ACTION ITEM
Reproduce exactly the lines of this material that begin at the line with "Purchase an unpainted" and end at the line with "清乾隆·粉彩像生瓷果品盤。盤", both included. Omit the pictures and everything else.

DATA EXTRACT

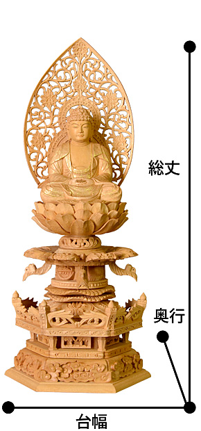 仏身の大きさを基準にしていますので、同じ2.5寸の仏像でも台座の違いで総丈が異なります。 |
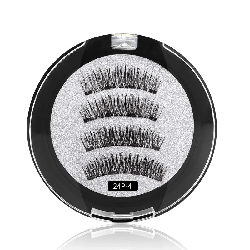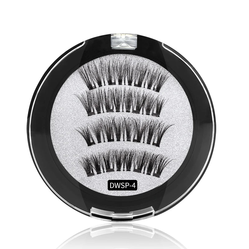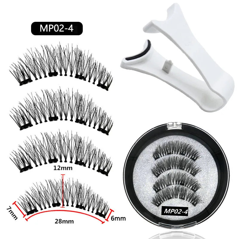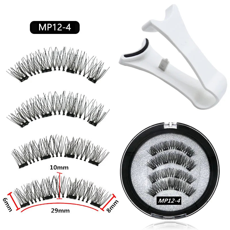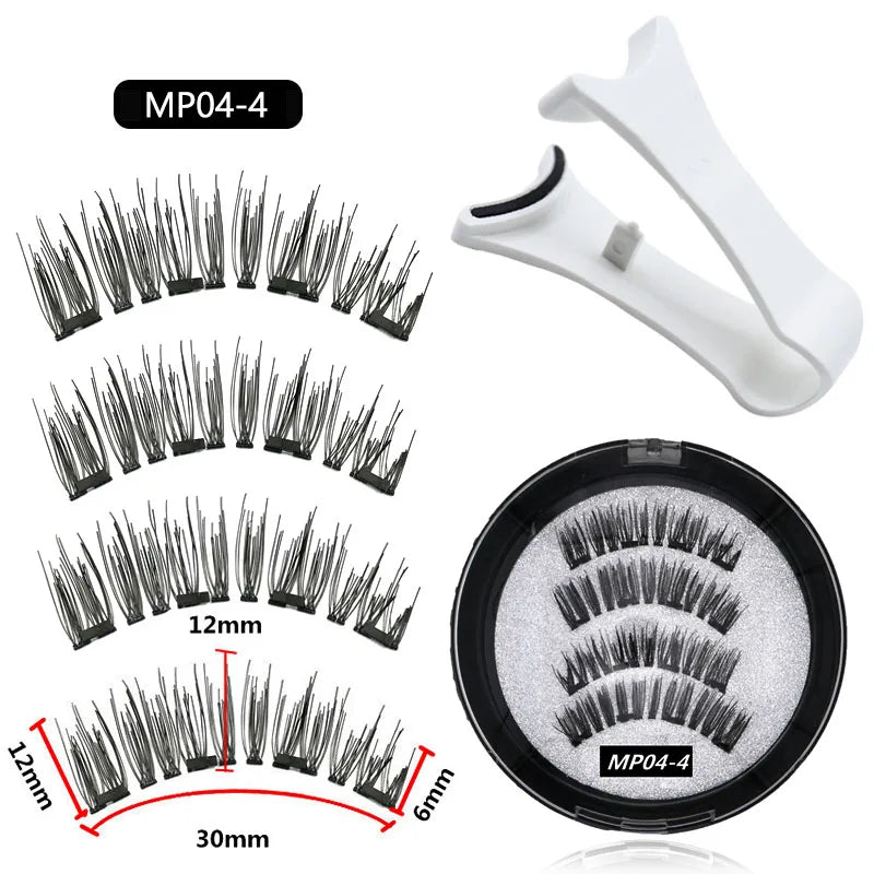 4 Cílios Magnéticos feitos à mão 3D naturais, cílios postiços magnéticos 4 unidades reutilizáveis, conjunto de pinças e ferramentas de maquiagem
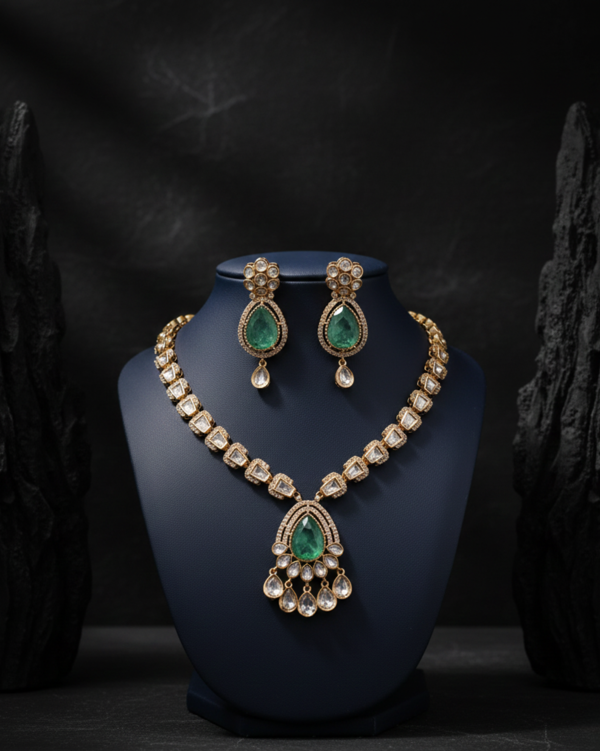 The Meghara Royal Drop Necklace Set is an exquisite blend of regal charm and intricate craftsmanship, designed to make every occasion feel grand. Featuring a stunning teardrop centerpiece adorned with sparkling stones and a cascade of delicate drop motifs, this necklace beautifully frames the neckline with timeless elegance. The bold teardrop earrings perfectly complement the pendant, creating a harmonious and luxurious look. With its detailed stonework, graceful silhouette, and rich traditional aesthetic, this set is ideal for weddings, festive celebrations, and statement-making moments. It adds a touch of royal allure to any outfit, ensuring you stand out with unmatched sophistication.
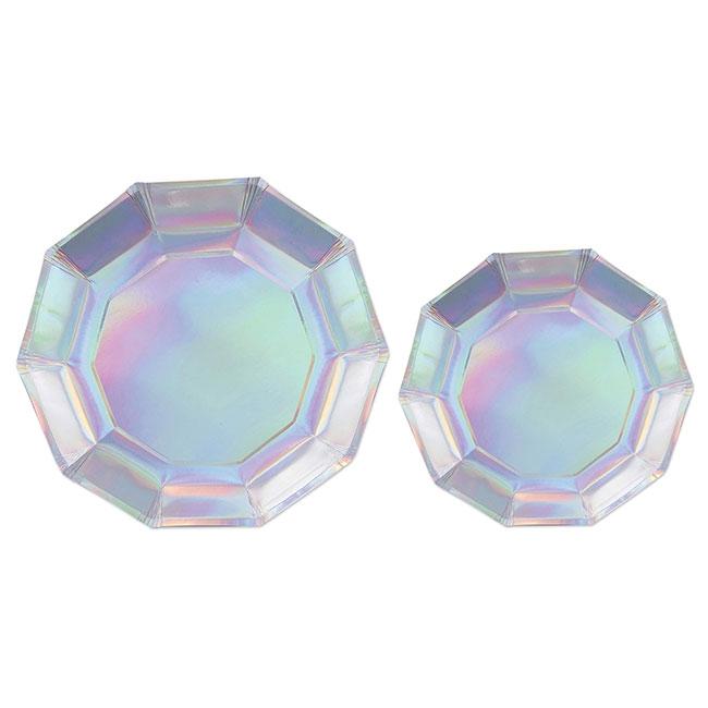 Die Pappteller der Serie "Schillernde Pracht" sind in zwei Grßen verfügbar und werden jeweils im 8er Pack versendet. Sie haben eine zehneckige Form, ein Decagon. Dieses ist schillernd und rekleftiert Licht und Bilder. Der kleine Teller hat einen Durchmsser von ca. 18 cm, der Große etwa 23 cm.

...

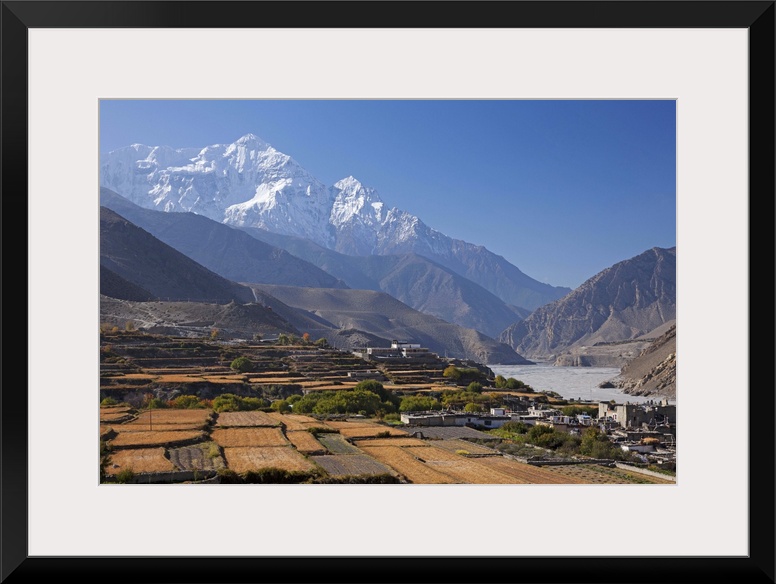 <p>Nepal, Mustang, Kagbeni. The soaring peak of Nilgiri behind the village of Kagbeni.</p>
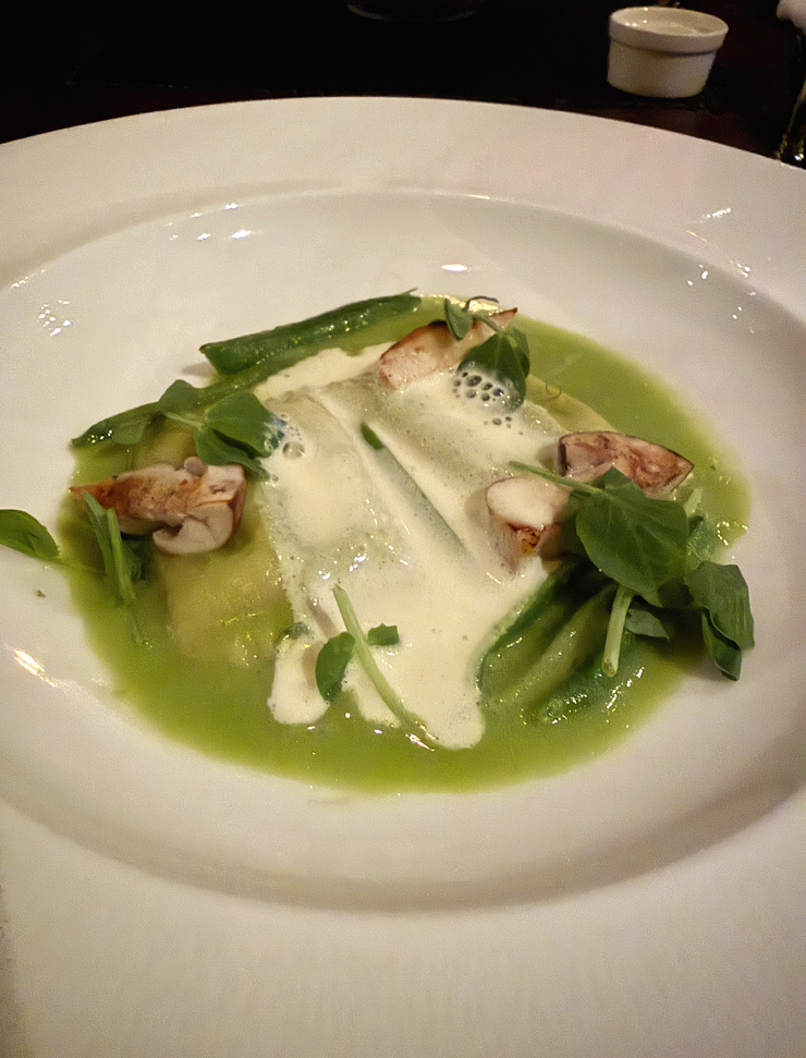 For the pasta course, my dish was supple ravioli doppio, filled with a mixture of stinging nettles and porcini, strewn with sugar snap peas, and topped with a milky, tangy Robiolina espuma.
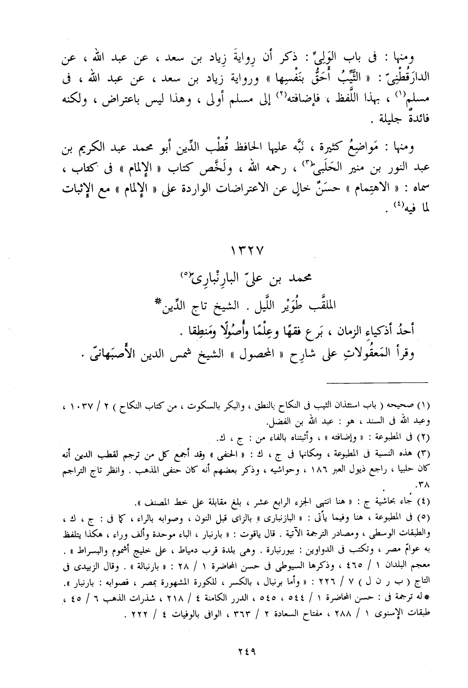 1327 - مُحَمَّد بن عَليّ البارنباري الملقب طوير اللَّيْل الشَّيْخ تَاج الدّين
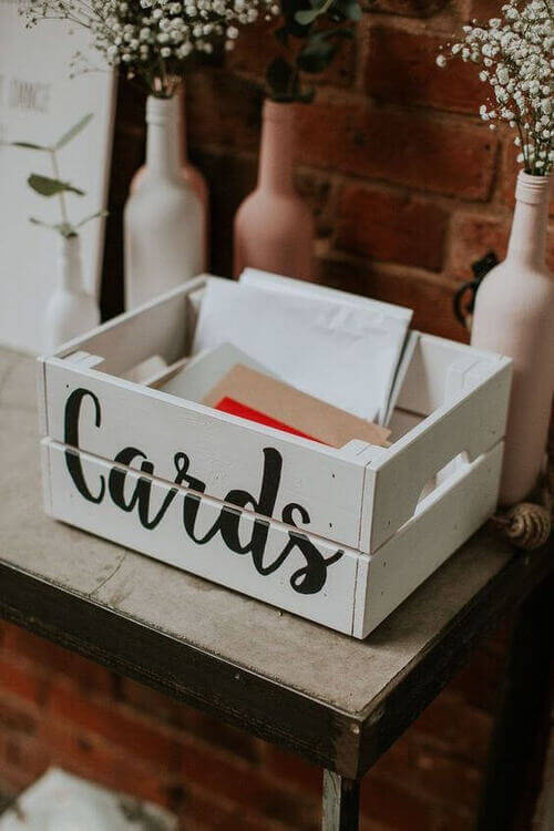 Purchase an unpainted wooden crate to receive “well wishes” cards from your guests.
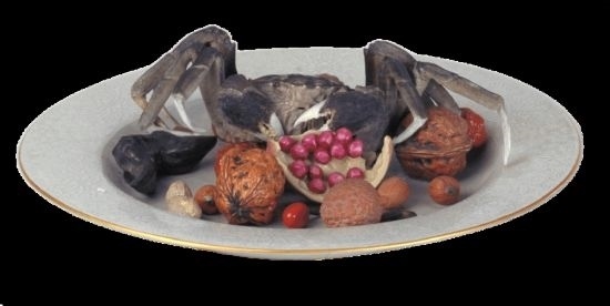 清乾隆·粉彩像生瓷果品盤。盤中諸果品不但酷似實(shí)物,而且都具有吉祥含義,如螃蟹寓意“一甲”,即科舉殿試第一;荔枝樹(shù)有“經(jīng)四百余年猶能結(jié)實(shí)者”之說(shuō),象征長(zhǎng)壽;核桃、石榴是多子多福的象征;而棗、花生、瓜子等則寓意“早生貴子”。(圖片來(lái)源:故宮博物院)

* * *

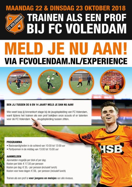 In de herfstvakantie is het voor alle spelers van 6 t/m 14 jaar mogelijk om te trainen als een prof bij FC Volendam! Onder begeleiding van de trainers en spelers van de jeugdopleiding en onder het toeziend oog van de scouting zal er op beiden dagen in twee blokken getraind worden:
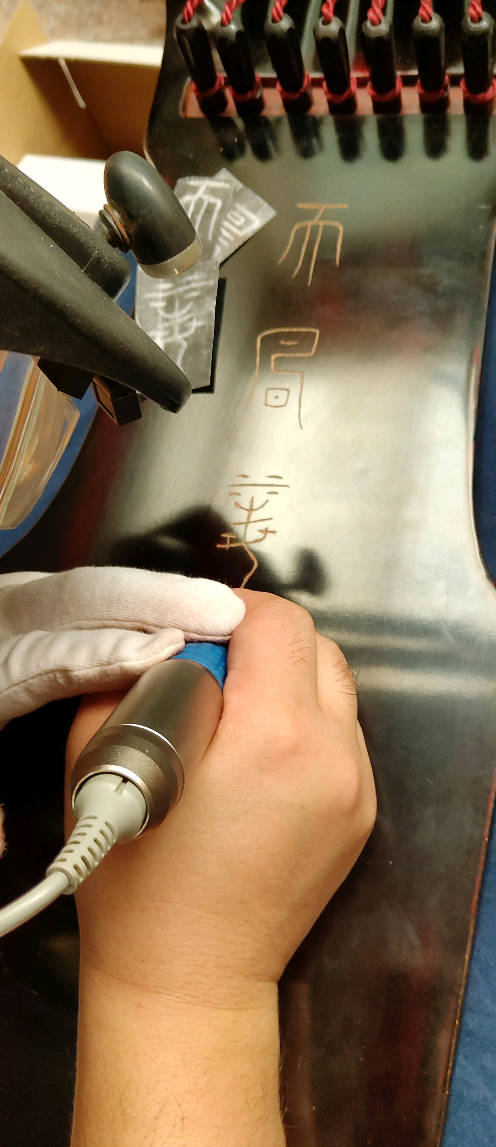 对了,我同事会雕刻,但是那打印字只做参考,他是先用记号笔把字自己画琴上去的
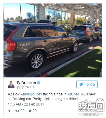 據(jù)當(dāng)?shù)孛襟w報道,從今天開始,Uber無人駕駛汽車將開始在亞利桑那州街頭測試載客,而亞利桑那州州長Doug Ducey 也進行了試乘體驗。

EXERCISE OUTPUT
 Purchase an unpainted wooden crate to receive “well wishes” cards from your guests.
 清乾隆·粉彩像生瓷果品盤。盤中諸果品不但酷似實(shí)物,而且都具有吉祥含義,如螃蟹寓意“一甲”,即科舉殿試第一;荔枝樹(shù)有“經(jīng)四百余年猶能結(jié)實(shí)者”之說(shuō),象征長(zhǎng)壽;核桃、石榴是多子多福的象征;而棗、花生、瓜子等則寓意“早生貴子”。(圖片來(lái)源:故宮博物院)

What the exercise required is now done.